Needless to say, we are at a loss navigating this metropolis of more than 13 million.

So here is what we do. We accost random Caucasians. If we need help with directions, etc., we saunter up to a white person, in the belief we will be able to communicate with them.

We're playing the odds. Many Japanese know English, at least to some extent -- though knowing a language does not imply willingness to chat with a stranger on the street in it. It is much more likely, however, that the random American or European will be fluent in English, and, we suppose, amenable to assisting us.

Strictly speaking, we're using race as the basis for drawing an inference. From skin color, we guess language skill. Asian means less likely to speak English; Caucasian, more likely. According to formal logic, these propositions cannot be distinguished from invidious prejudice. By that, I mean if you were to diagram in abstract terms the line of reasoning from X to Y, you can substitute any traits for X and Y. (For logicians, the validity of a syllogism is not dependent on the truth of the premises.)

The people whom we approach mirror us. They sometimes express surprise that we are who we are, much less that we have any affinity with them. From their perspective, people who look like natives of Asia suddenly appear before them to ask about the nearest subway station. (A careful observer would suspect we are not Japanese. We're too loud, take up too much space, and move differently.)

In reverse back home, I cannot say I have ever been all that flattered by the people who compliment me on my English. Yet they are doing exactly what I am doing, except they might object to having it described as racial.

Most conversations about racial profiling confuse different issues: whether it is in fact taking place, whether it is even arguably rational, and whether it is morally right. As with many arguments about complex subjects, especially those touching upon race, the tendency to merge together what are separate inquiries only makes people angrier toward one another. The person who assumes that policies are based on stereotypes, who wishes to argue that the practice is abhorrent, ends up debating the person who claims there is not a generalization at work but who agrees that if there were then that would be indefensible.
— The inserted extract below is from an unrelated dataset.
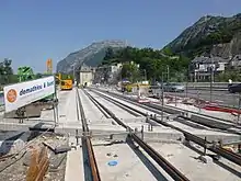 Une nouvelle station voit le jour sur la ligne A en afin de desservir la nouvelle gare d'Échirolles[2]. La construction des lignes C et D, entamés fin 2003 dans le cadre du projet « Tram3 » et marqué par la démolition par explosifs de l'autopont Vallier-Jaurès en août 2004[13], s'accompagne du prolongement de la ligne B jusqu'à la gare de Grenoble-Universités-Gières complètement réaménagée pour l'occasion et de la construction du centre de maintenance des tramways de Gières[2],[14]. La ligne C, longue de 17,6 km est mise en service le et constitue la plus grande extension du réseau grenoblois depuis plus de 15 ans[2]. Le , la ligne D, construite simultanément avec la ligne C[14], est mise en service : cette ligne de seulement 2,6 km de long dessert la commune de Saint-Martin-d'Hères mais ne dessert pas Grenoble[2].

I can rationalize my actions. I do not wish to deny that they have at their core a reliance on race. I'd like to mull over how appalling, if at all, it is to invoke race in this manner. I regard it as a challenge to explain the distinction between what I have done and what a bigot would do -- the law apparently would deem our behavior to be identical insofar as we refer to race.

In any event, the correlation of race and culture is not what it used to be. That's for the better.

The hotel where we are staying, a mid-market option for the thrifty, has a faux French theme meant to recall the nineteenth century (albeit with Toto toilets featuring a built-in bidet function), and the restaurant we wandered into offered only French cuisine -- we left to find my favorite breakfast, the full Japanese version. The background music at that eatery was Western classical. When I opened the English language newspaper, the big stories I came across were about Yu Darvish, the Persian-Japanese baseball pitcher for the Texas franchise in the American major leagues (he struck out eleven but lost), and Randy Messenger, his expatriate counterpart who decided to stay in the Nippon league rather than return to the States (he threw a shutout). I'm not sure where either Western classical music and the American pastime of baseball would be without the enthusiasm of Japanese audiences and the size of their markets.

At the end of the day, I still want to avoid making any judgment on the basis of superficial characteristics. However you look at it, our dynamic reality is making it more risky to do that.